Required work: In the records below, find the line containing "[本网讯]3月22日,在第三". Output it and every line after it to the end, unchanged, with no pictures.

★ ★ ★ ★ ★ ★ ★

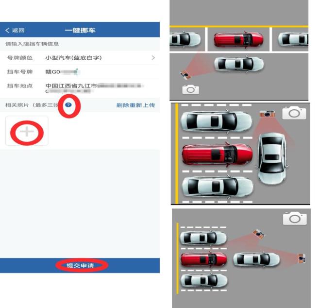 第三步:根据提示选择号牌颜色、挡车号牌、挡车地点,上传清晰的现场挡车照片(最多上传三张),点击【提交申请】(具体拍照要求可点击“相关照片”旁的问号标识查看)
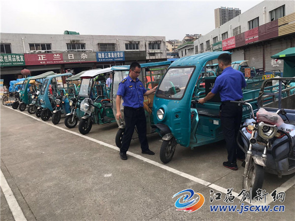 下午三点,在河滨北路,为保证南门菜场环境的整洁有序,市容二中队三名队员正在对市场内近六百辆电动自行车和电动三轮车进行推移规整。
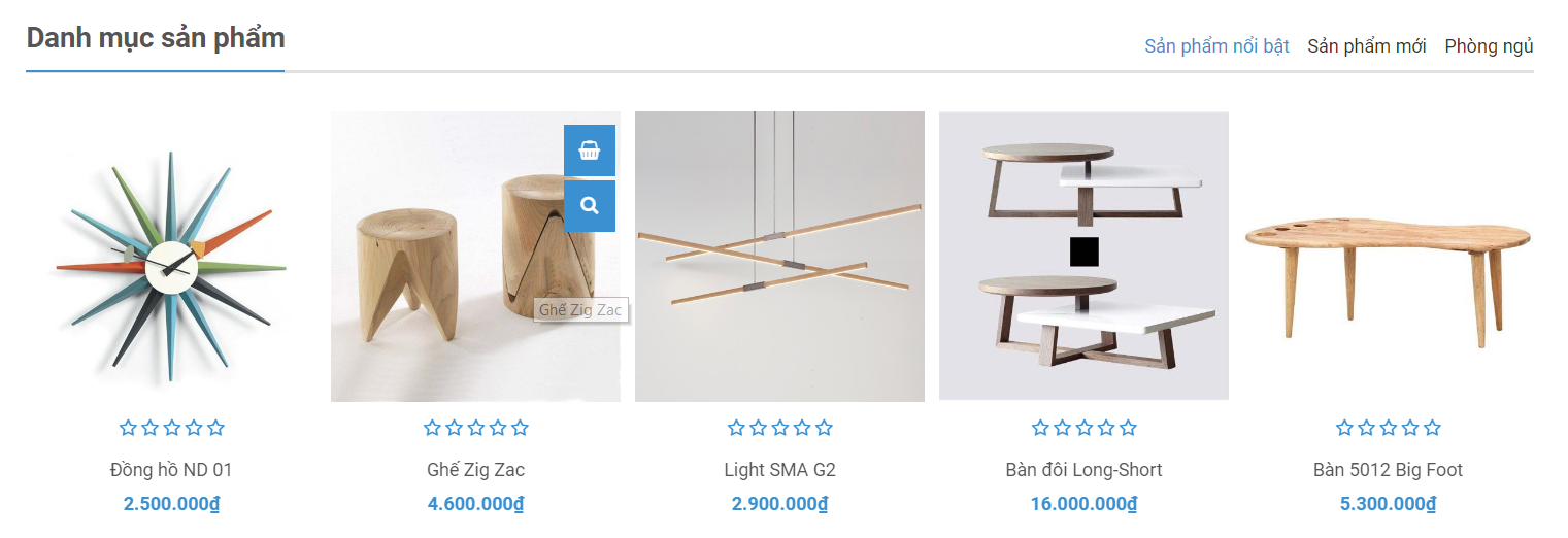 Module các tab sản phẩm: mỗi module được thiết kế theo kiểu ajax giúp hiển thị nhiều sản phẩm nhưng không làm chậm tốc độ truy cập website.
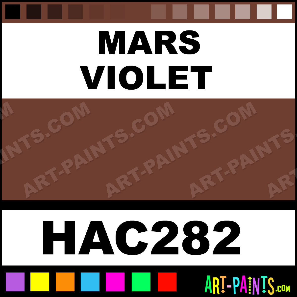 This beautiful Acryla Acrylic shade is called Mars Violet, and comes from a company called Holbein. Their product number, along with the HTML color code, RGB, and CMYK codes are listed below. This Beautiful Shade of Mars Violet and others can be found in the Holbein Acryla Art Paint Gallery! Also be sure to browse through the other wonderful Professional Color Galleries to see more of Holbein Acryla Acrylic Brand Paints and other Paint Manufacturers. And as always, Paint Paint Paint! -Art-Paints.com
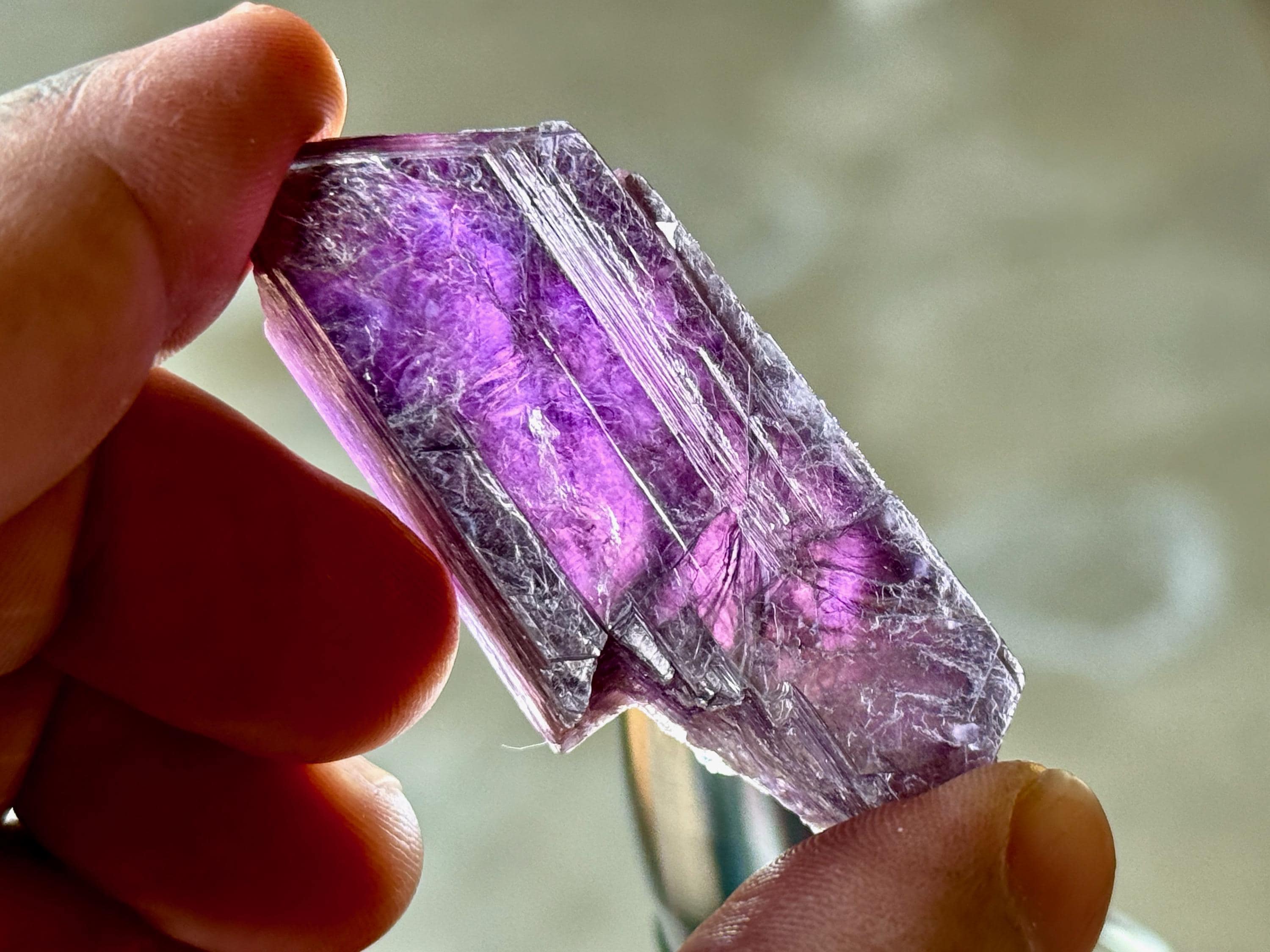 Vibrant, metallic purple hues to each of these Purple Lepidolite crystals! These are "gem" Lepidolites and each has marvelous translucency when backlit, as pictured.
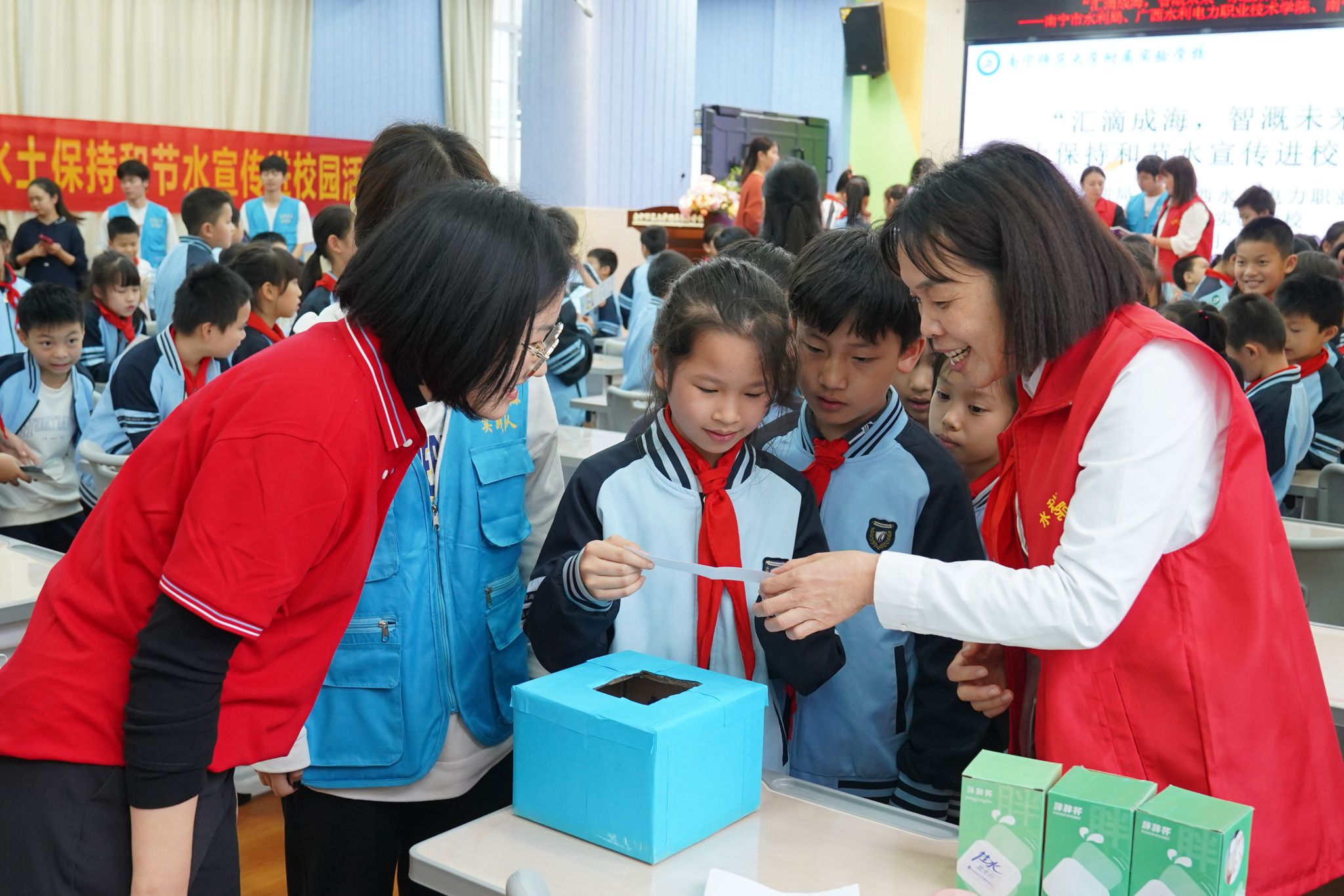 [本网讯]3月22日,在第三十二届“世界水日”,第三十七届“中国水周”来临之际,学校党委宣传部党支部、工会党支部、水利工程学院党总支携手南宁市水利局,共同走进南宁师范大学附属实验学校,成功举办了以“汇滴成海,智溉未来”为主题的水土保持和节水宣传进校园活动。此次活动旨在通过科普教育,提升青少年对水资源保护的认识,培养节水意识,传递绿色发展理念。
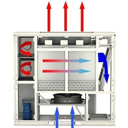 Vzduch z IT zařízení se ve venkovním prostředí ochladí a vrátí se do datového centra zvýšenou podlahou nebo difuzory studené uličky. Dovnitř je vháněn děrovanými dlaždicemi před serverovými stojany a využívá se k udržení serverů v bezpečné provozní teplotě. Ohřátý (horký) vzduch ze serverů je kontrolován pomocí obvodů napojených na stojany a stoupá ke stropu, kde je nasáván do vratného potrubního vedení EcoBreeze. Po zpětném ochlazení se opět vrátí do datového centra difuzory studené uličky.

★ ★ ★ ★ ★ ★ ★

The answer:
 [本网讯]3月22日,在第三十二届“世界水日”,第三十七届“中国水周”来临之际,学校党委宣传部党支部、工会党支部、水利工程学院党总支携手南宁市水利局,共同走进南宁师范大学附属实验学校,成功举办了以“汇滴成海,智溉未来”为主题的水土保持和节水宣传进校园活动。此次活动旨在通过科普教育,提升青少年对水资源保护的认识,培养节水意识,传递绿色发展理念。
 Vzduch z IT zařízení se ve venkovním prostředí ochladí a vrátí se do datového centra zvýšenou podlahou nebo difuzory studené uličky. Dovnitř je vháněn děrovanými dlaždicemi před serverovými stojany a využívá se k udržení serverů v bezpečné provozní teplotě. Ohřátý (horký) vzduch ze serverů je kontrolován pomocí obvodů napojených na stojany a stoupá ke stropu, kde je nasáván do vratného potrubního vedení EcoBreeze. Po zpětném ochlazení se opět vrátí do datového centra difuzory studené uličky.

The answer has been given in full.